Zeitsprünge Bukarest

Visueller Artikel von Gerlinde Schuller


4 Oktober 2022 . 7 min.

Bukarest wird 1659 zunächst Landeshauptstadt des Fürstentums Walachei und später Rumäniens. Die Stadt ist politischer, wirtschaftlicher und kultureller Mittelpunkt des Landes und war schon immer Schauplatz turbulenter politischer Umwälzungen.

In den vier Jahrzehnten nach dem Zweiten Weltkrieg wächst die Hauptstadt auf mehr als das Doppelte ihrer Einwohnerzahl und durchläuft kritische Transformationen unter dem kommunistischen Diktator Nicolae Ceaușescu.
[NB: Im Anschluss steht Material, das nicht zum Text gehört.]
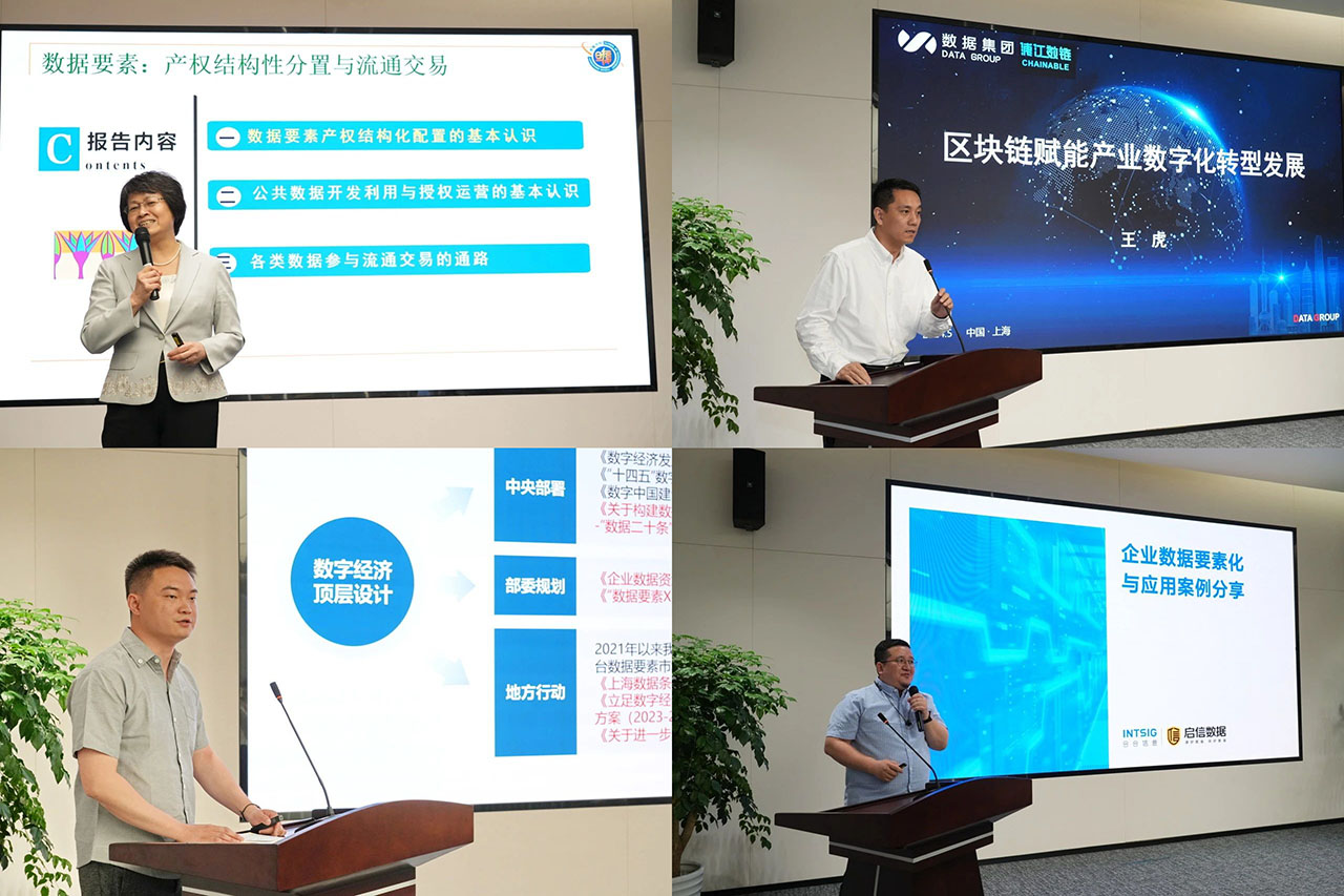 复旦大学管理学院黄丽华教授围绕“数据要素:产权结构性分置与流通交易——基本认识与政策展望”主题对当前国家数据要素相关最新政策和数据业务领域的创新探索实践情况做了全面解读。上海数据集团浦江数链公司负责人和数据资源部专家分别作“区块链赋能产业数字化转型能级提升”和“数据集团数据治理实践分享——以‘天机’平台为例”为主题的交流发言。数字经济商会监事、合合信息的数据业务专家为大家分享了数据资产入表的具体实践案例。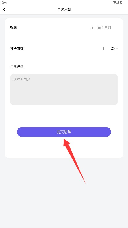 3、填寫愿望標題、設置打卡周期并補充詳細說明,確認后點擊提交愿望完成創建。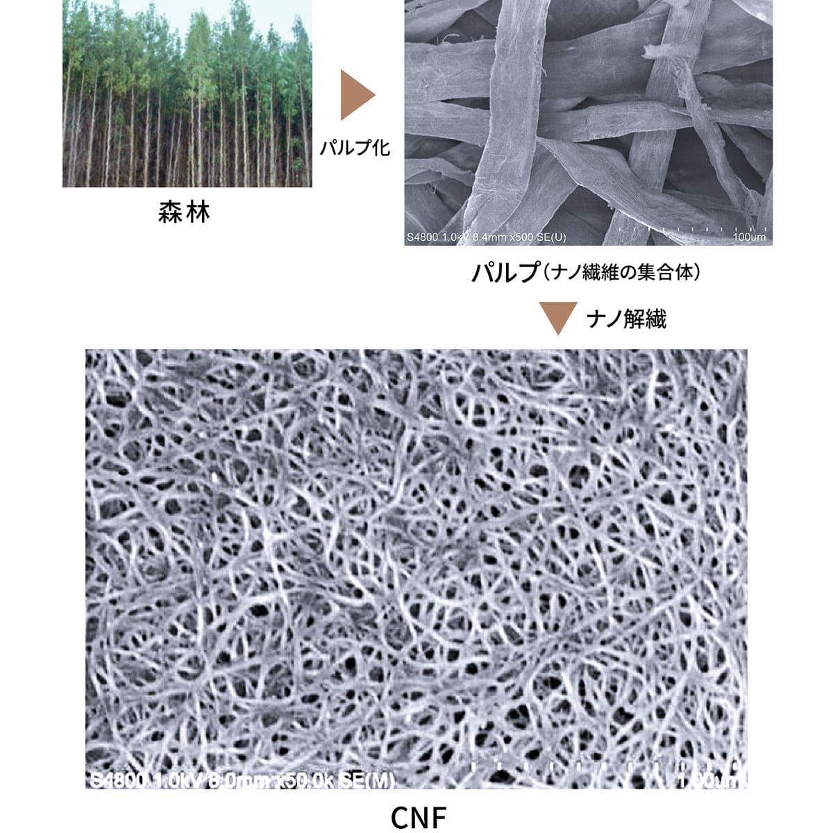 CNFとはセルロースナノファイバーの略称で、木材などの植物繊維をナノサイズ(※)まで細かくほぐすことで得られる極細繊維。「鉄の5分の1の軽さで5倍の強度」と称されるなど、従来の紙パルプとは異なる特異的な性能を持つ。また、植物由来であることから再生可能資源としても注目度が高まっている、革新的で最先端のバイオ素材である。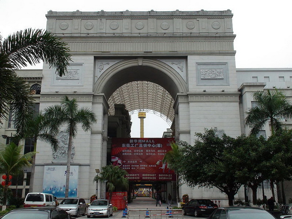 "Триумфальная арка" на входе в торговый центр New South China Mall в городе Дунгуань. New South China Mall - крупнейший торговый центр в мире, однако из-за просчетов в планировании и транспортной труднодоступности за девять лет своего существования он был заполнен лишь на один процент.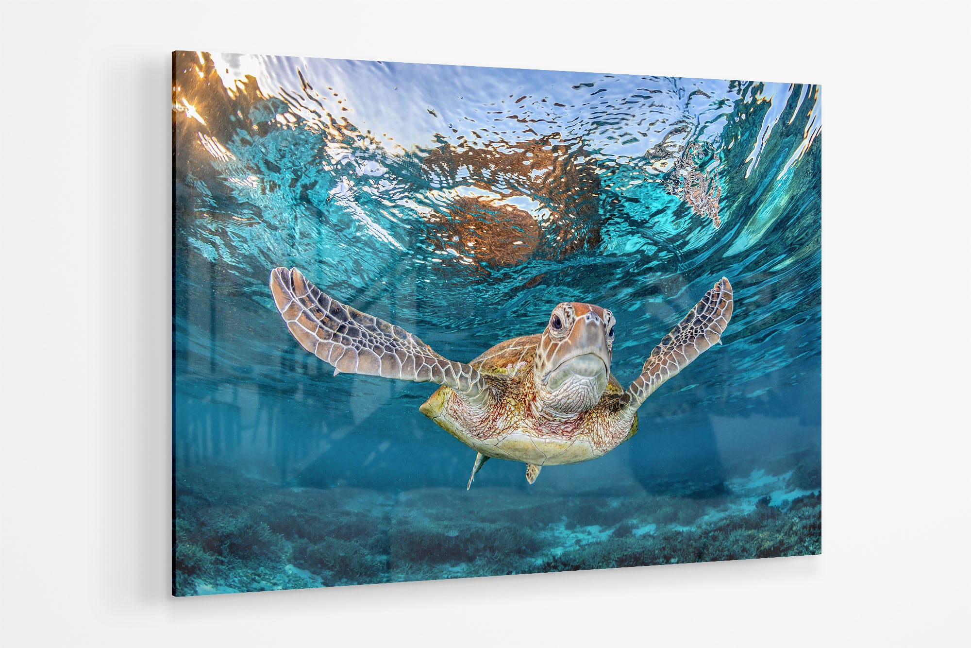 Green Sea Turtle (Chelonia mydas) Underwater Print – Lady Elliot Island Lagoon, Southern Great Barrier Reef, Queensland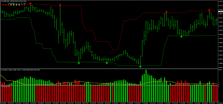 止损应设在箭头上方/下方10点处。止盈根据货币对及时间周期调整。

Heute ist die Stadt sowohl eine zeitgenössische Metropole als auch ein öffentliches Museum kulturellen Erbes.


1956

Mitte der 50er Jahre besuchen Fotojournalisten aus der Deutschen Demokratischen Republik (DDR), die rumänische Hauptstadt Bukarest, um das öffentliche Leben zu dokumentieren.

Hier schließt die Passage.